She blinks at me. “What?”
I sigh. Because even though I know better, even though I know that getting mixed up with this girl just puts me one step closer to soulmate territory, and stupid kids, and all that other shit our kind seems to have been genetically engineered to need, I can’t help it.
The only ride on this resort I’m interested in taking is Delphi.
CHAPTER TEN – DELPHI
“That’s it?” I ask. “‘Just go shopping, Delphi. Go take a shower. Relax. Let’s get dinner. Have a little date night.’ You think I’m actually gonna buy that crap?”
He narrows his eyes. “What do you mean?”
“What do I mean?” I huff. “I know that you know.”
“I know what?”
“Uh-huh. Exactly.”
He does one of those long blinks. You know, when people are tired of you. When you’re wearing them down. But I don’t fall for it. I don’t fall for any of it. “I know that you know what I am. I heard all about Lyra spilling our secrets.”
“Ohhhhhhh,” he says.
“Ohhhh,” I say, mocking him.
“You mean the sex explosions?”
“What? No. And stop thinking about sex with me. Not gonna happen. I’m talking about the station explosion.”
“Nyleena didn’t explode Bull Station. And neither did we. So I don’t know what you’re talking about. But back to why you think I’m thinking about sex with you. Are you thinking about sex with me?”
“Look at this,” I say, panning my hand down my body. “Does this look like a princess ready to get it on? There is no glow, genius. That means there’s no feelings. And that means there’s no possible way I’m thinking about sex with you. You, on the other hand,” I say, pointing to his groin area, “are sporting a double-dicked hard-on.”
He looks down, then looks back up—smiling.
“So don’t play this off like I’m the one coming on to you. I’m not. Just… ewww.”
“Ewww?”
“Yeah. Ewwww. I know better, buddy. I know better than to get caught up in some ridiculous Akeelian-Cygnian love fest. No way. Not gonna happen. There are no breeder babies in my future.”
But huh. I suddenly have this little idea. He’s so horny. He’s so ready to find his one true princess. Maybe what I’m doing isn’t even bad? Maybe I’m actually doing him a favor?
“What?” he asks.
“What what?”
“You’re thinking something.”
“No, I’m not.”
“Yes, you are. Your eyes are lighting up again.”
Son of a sunfucker. Why do these damn eyes have to give me away every single time?
“So you’ve got your glowing eyes on someone else, is that it? Because I’m pretty sure I’m better than whoever that guy is.”
I actually guffaw.
He shrugs. “I’m just saying. I didn’t name my ship the Big Dicker for nothing. I’m what you call… hung.”
“I think I just threw up in my mouth.”
“You’re so cute,” he says, shooting me with his finger.
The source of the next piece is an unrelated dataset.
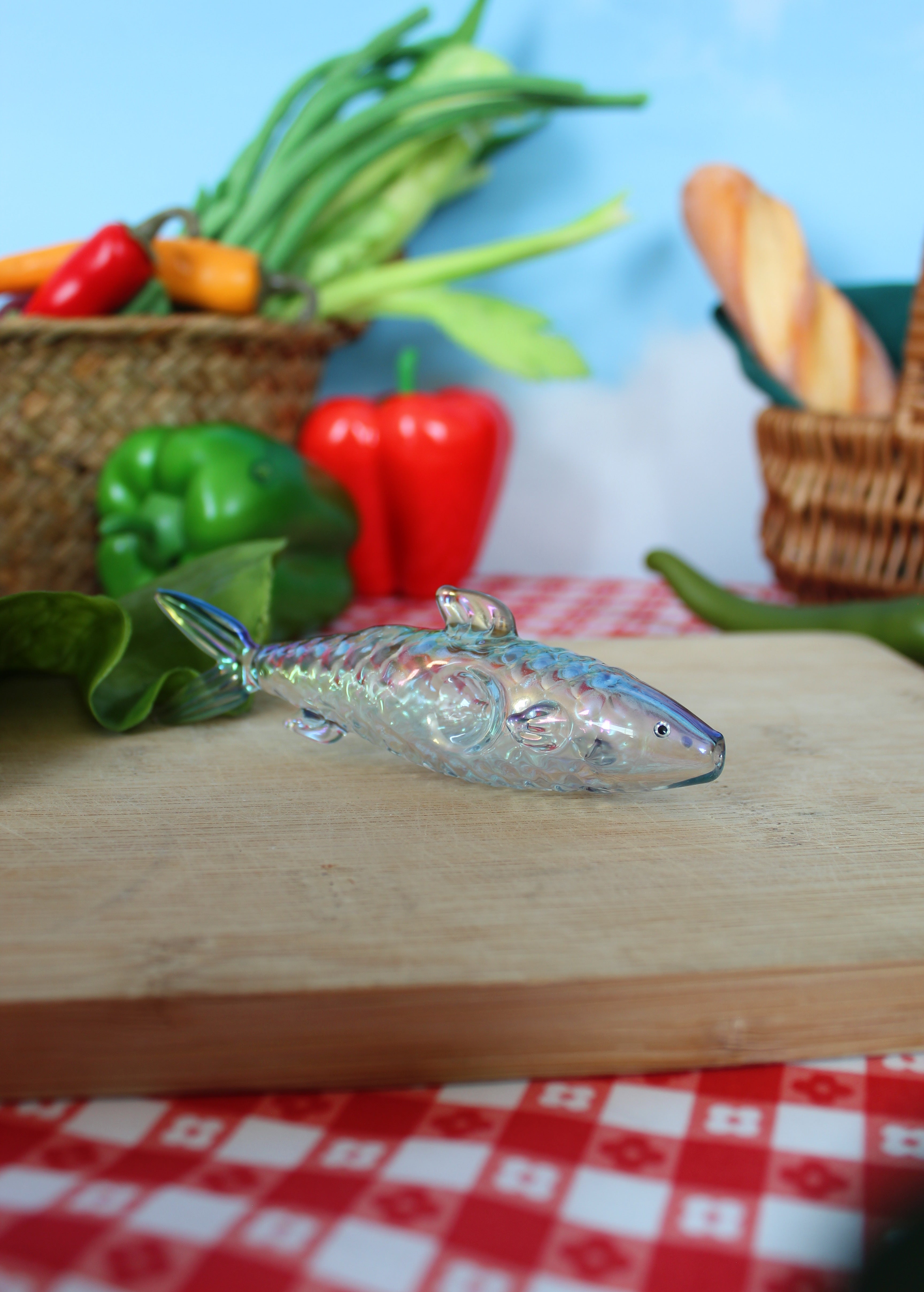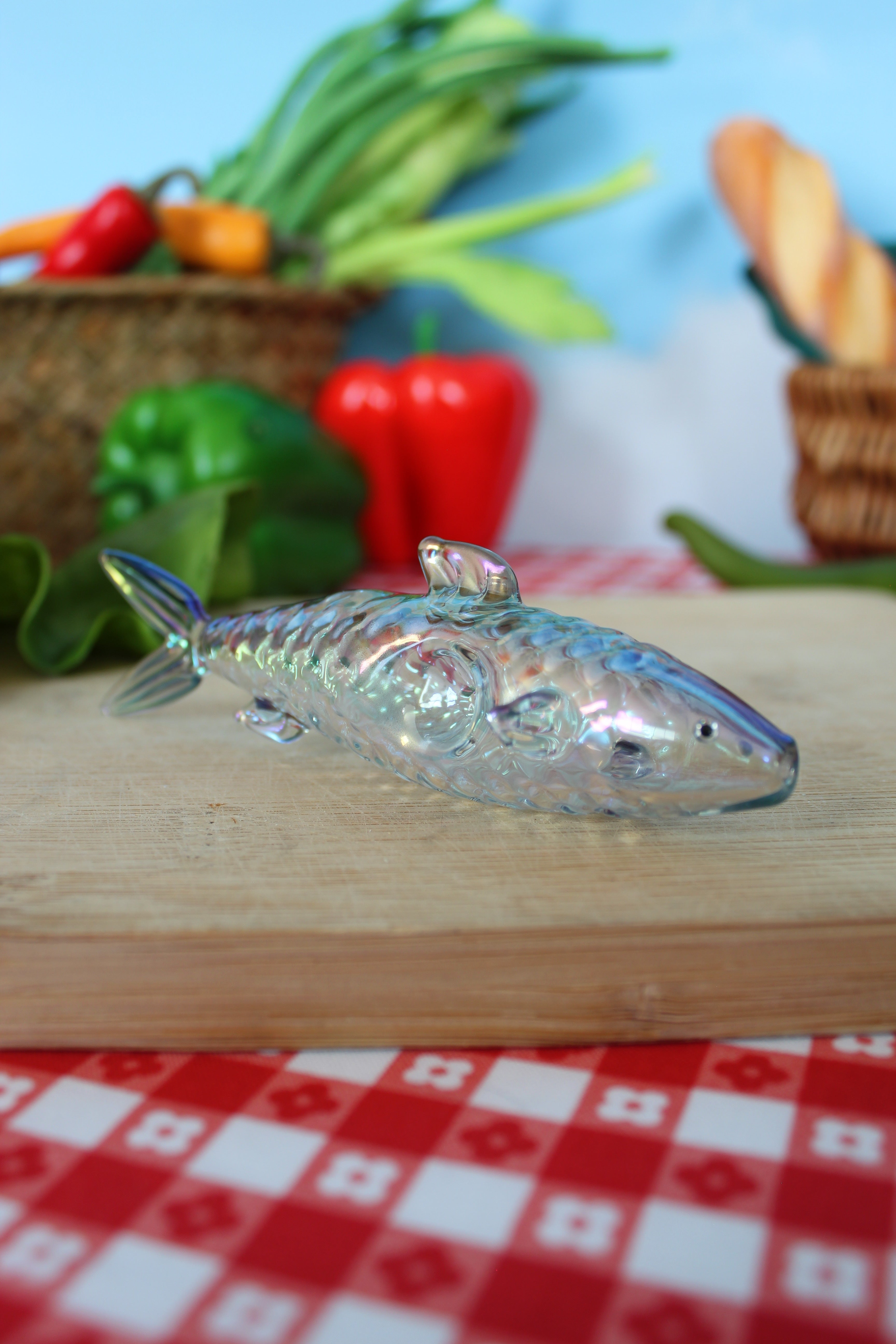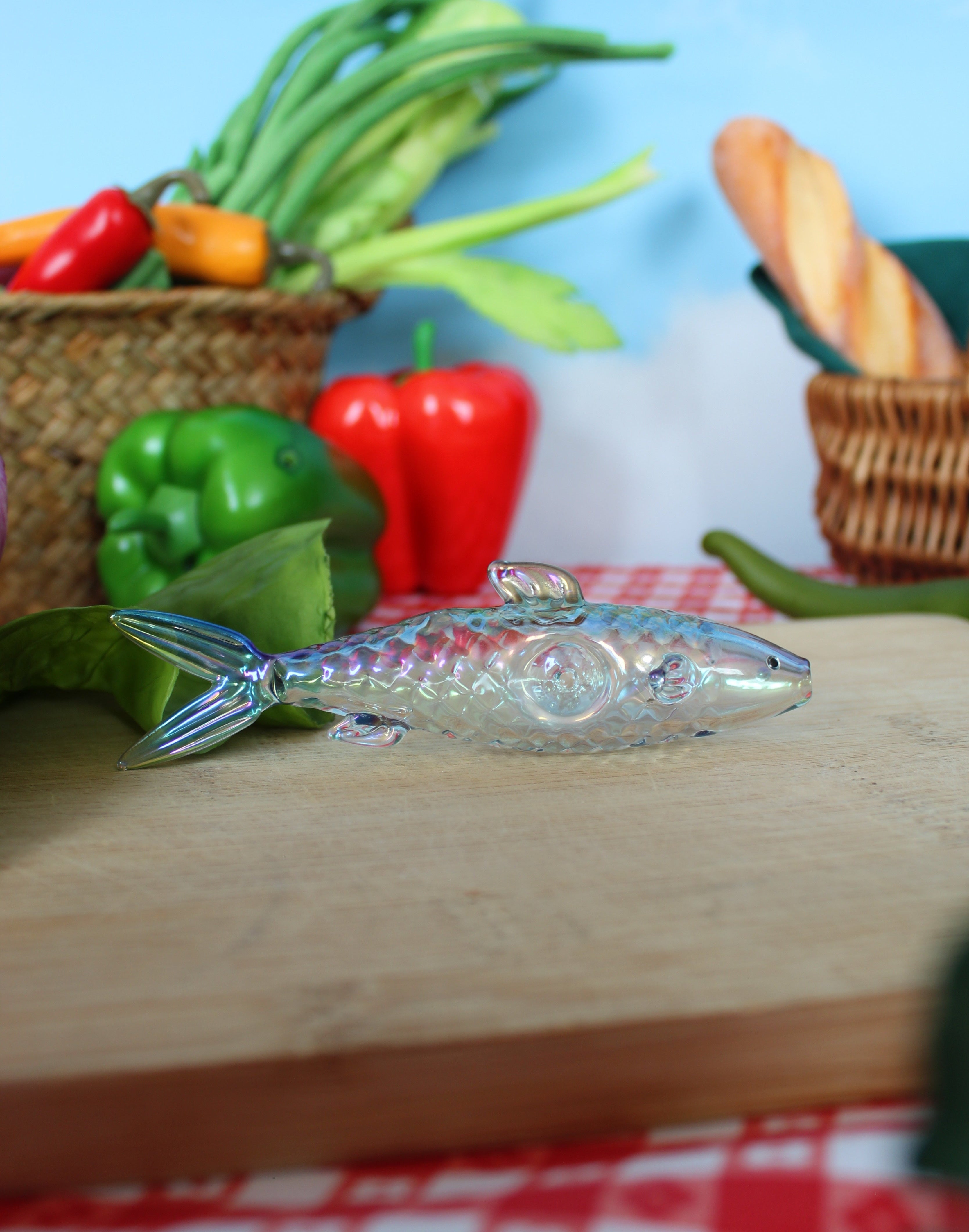 This sardine-shaped piece features a gorgeous iridescent shine, textured scales and fins, and even has the sweetest little face details! Perfect for a 'lil solo sesh or for bringing on-the-go for tiny hits of joy!

“No,” I say. “No, I’m not.”
“So we’re good?”
“What? No! We’re not good.”
“You go shopping, take a shower, feel normal again and I’ll order up some grade-A autocooked Mighty Dinner.”
Is he like… infatuated with me? I don’t understand this. I’m saying ewww and he’s just not getting it. “Let me spell it out for you, Mr. Liberator. I’m not interested.”
“Yeah, but,” he says, waggling his eyebrows. “Give me a chance. I’ve got moves.”
Flicka starts buzzing and banging against the glass, her tiny voice just barely filtering through to my genetically engineered ears. What is wrong with you? Just go along with this stupid oaf. We can probably get him drunk and then that amazing lift bot can deliver him to Queenie as soon as the gates open in the morning!
“Hmmm,” I say, considering her plan. It could work.
“Hmmm?” Jimmy says, giant smile on his face. “See, you’re already falling for me.”
Oh, my suns. How the hell did this guy go from alpha asshole to gooey love nut in the span of a few minutes? It makes absolutely no sense.
Unless he’s always been this way and I read him wrong.
Did I read him wrong?
No. I’m a professional. I don’t read anyone wrong.
“Well?” Jimmy asks.
“Well…” I feign a huge sigh, something in between relief and resignation. “OK. If you insist. I mean, I am stuck here for the night. So yes. I’ll take you up on your offer of unlimited access to the autoshopper and a shower.”
I smile sweetly. Then squint my eyes because did his dicks just grow?
“Excellent,” he says.
“But…” I say.
He raises his eyebrows.
“You have to let Flicka out of the glass.”
He looks over at my dragonbee bot and frowns, then cocks his head, looks at me, back at Flicka, and frowns again.
It’s almost as if he’s about to come to his senses. So I say, “Never mind. She’s fine in there.” Which makes Flicka go crazy as she bats herself against the side of the glass with a flurry of metallic wings.
Jimmy’s furrowed brow eases a little.